After testing and understanding the program with the default example data, the user can then replace them with his/her own data to produce the required results.


All programs in php, Javascript, R and Python codes are written by the author personally, although text books, journal articles, and the www were widely consulted and copied during development. A far as the author is aware, all sources used are in the public domain, fully referenced, and the copyrights of others have not been infringed.

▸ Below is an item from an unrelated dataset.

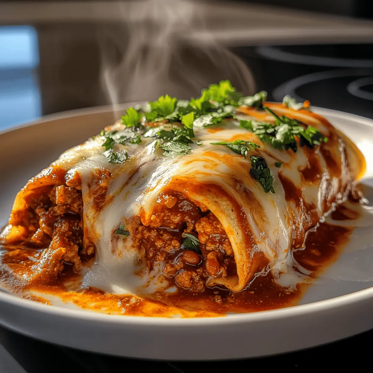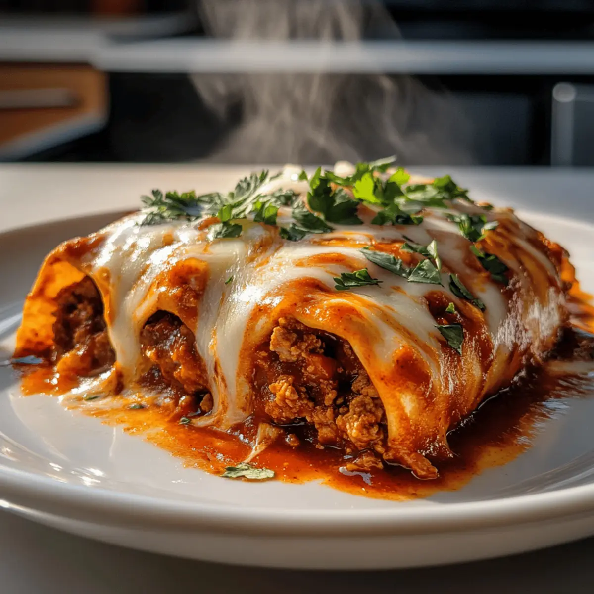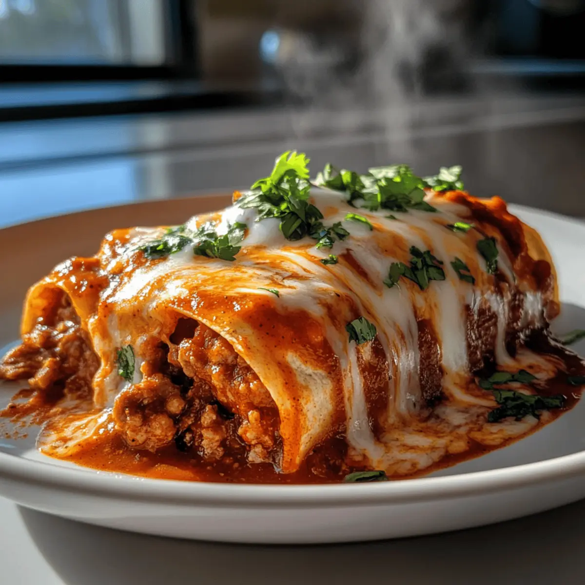 As I pulled out the warm, soft tortillas, a delightful wave of nostalgia washed over me. There’s something magical about merging the comforting elements of enchiladas and burritos, and this Irresistible Enchirito captures that essence perfectly. In just 30 minutes, you can create a meal that not only satisfies your taste buds but is also customizable for every family member around the dinner table. Picture gooey cheese and spicy beef wrapped snugly in a tortilla, ready to be devoured after a long day. The beauty of this recipe lies in its quick preparation, making it an effortless go-to for busy weeknights, while also allowing for a variety of toppings—a win-win for any home chef. Are you ready to bring the warmth of this comforting dish into your kitchen? Let’s dive into the delicious details! Why You’ll Love This Enchirito Comforting Simplicity: The fuss-free steps make this recipe accessible for anyone, whether you’re an experienced chef or just starting out. Customizable Delights: Tailor your enchirito with toppings like jalapeños or avocado, ensuring everyone’s preferences are met. Quick and Easy: Whip up this heartwarming meal in just 30 minutes, perfect for those busy evenings when time is tight. Crowd-Pleasing Flavor: With the perfect blend of savory beef, creamy beans, and melty cheese, this dish is sure to please even the pickiest eaters. Make Ahead Magic: Prepare your enchiritos in advance for a hassle-free dinner, simply baking them when you’re ready to serve. Don’t forget to check out our Sloppy Joe Garlic for another easy family favorite! Irresistible Enchirito Ingredients For the Filling: • Ground Beef – Provides protein and a hearty base. Substitute with turkey or a plant-based meat alternative for a lighter version. • Taco Seasoning – Adds bold, spicy flavor. Store-bought or homemade (blend chili powder, cumin, garlic powder, and onion powder). • Refried Beans – Contributes creaminess and protein. Can replace with black beans or pinto beans if you prefer. For the Tortillas and Cheese: • Tortillas (Flour) – Encases the filling. Flour tortillas are preferred for sturdiness; corn tortillas can be used for a gluten-free option but might need to be doubled. • Shredded Cheese – Melts to create a gooey topping. Use cheddar, Monterey Jack, or a dairy-free cheese for a lacto-vegetarian option. For the Sauce and Garnish: • Enchilada Sauce – Provides moisture and flavor. Opt for red or green sauce based on your heat preference; homemade can replace canned for freshness. • Fresh Onions and Cilantro – For garnish, adding a refreshing crunch. Swap cilantro for parsley if unavailable. Now that we have our ingredients ready, it’s time to start making your Irresistible Enchirito! Step‑by‑Step Instructions for Irresistible Enchirito Step 1: Preheat the Oven Start by preheating your oven to 350°F (175°C) to ensure it’s hot and ready for the Enchirito. This crucial first step guarantees that your dish bakes perfectly, creating that bubbly, golden cheese topping we all crave. While the oven heats, gather your ingredients and set up your cooking space for a smooth assembly process. Step 2: Cook the Beef In a large skillet, brown 1 pound of ground beef over medium heat for 5–7 minutes, breaking it into small crumbles with a spatula. You’ll know it’s ready when the beef is no longer pink and has a nice brown color. Once cooked, drain any excess grease to keep your enchiritos flavorful yet not overly greasy. Step 3: Add Flavor Stir in your taco seasoning along with ¾ cup of water to the skillet with the beef, mixing well to combine all the flavors. Let it simmer for 5 minutes, allowing the mixture to thicken and develop a rich flavor. You’ll notice a delicious aroma filling your kitchen—this is the essence of the Irresistible Enchirito! Step 4: Warm the Beans In a separate pan, heat the refried beans over low heat until they are warm and spreadable, which should take about 3–5 minutes. Stir occasionally to ensure that the beans don’t stick to the pan. This creamy layer will add an extra dimension to your enchirito, making each bite a delightful experience. Step 5: Assemble the Enchirito Take a flour tortilla and spread about 2 tablespoons of warm refried beans across the center. Then, add a generous portion of your beef mixture and sprinkle a handful of shredded cheese on top. Roll the tortilla tightly, enclosing all the delicious fillings, and place it seam-side down in a baking dish. Repeat this process for all tortillas. Step 6: Arrange in Dish Carefully arrange the assembled enchiritos in your greased baking dish, ensuring they fit snugly. Once they are all in, pour your favorite enchilada sauce over the top, covering them generously, and then sprinkle with any remaining cheese. This step promises that every enchirito is dripping with flavor and ready for baking. Step 7: Bake to Perfection Pop your enchiritos in the preheated oven and bake for 20 minutes, or until the cheese is melted, bubbly, and starting to turn golden brown. The enticing smells wafting from the oven are an assurance that your Irresistible Enchirito is nearing completion. Keep an eye on it towards the end to avoid over-baking. Step 8: Garnish and Serve Once out of the oven, let your enchiritos rest for 5 minutes to firm up slightly. Now it’s time to add those delightful finishing touches! Top with fresh diced onions and chopped cilantro for a burst of freshness before serving. Dive into this comforting dish and enjoy the delightful flavors and textures of your homemade Irresistible Enchirito! Irresistible Enchirito Variations & Substitutions Feel free to put your personal twist on this delicious enchirito recipe with these easy suggestions! Chicken Swap: Substitute ground beef with shredded chicken for a lighter, yet equally flavorful filling. This variation offers a delightful change while keeping the essence of an enchirito intact. Plant-Based Option

The author reserves the copyright of contents of this site, mainly to avoid possible disputes. Users are free to copy any contents of the site (explanations, tables, algorithms) for their own used, on condition that they accept responsibility for the results produced. Acknowledgements are not obligatory, but would be greatly appreciated

Changes Since 2020

The site is reviewd and improved continuously, but a major redevelopment began in 2020. The reasons for redevelopments are
  • Having something to do during the pandemic lockdowns
  • To reduce pressure to the server (traffic and server side processing)
  • To simplify the structure of information by combining all contents related to a subject to the same page
  • To confine data processing on the user's computer, to avoid security risks
  • To validate the calculations by cross checking against available R codes
  • To allow users to visualize the source code, so that the user can
    • Check for accuracy of source codes and take responsibility for the results
    • Save the page as html on his/her own computer and use the page repeatedly independent to the server
    • Copy the codes to develop his/her own applications
  • To provide programs in R or Python codes where the computation is beyond the author's capability
The approaches to developments are
  • To use php on the server side only to assemble the program. All calculations are to be performed on client side using Javascript
  • Whenever possible, the programs are duplicated in R codes. In some pages, such as encryption, Python codes are presented
  • To present each subject, explanation, programs, tables, examples in the same page
Redevelopment is ongoing, and currenttly some of the pages have been redeveloped.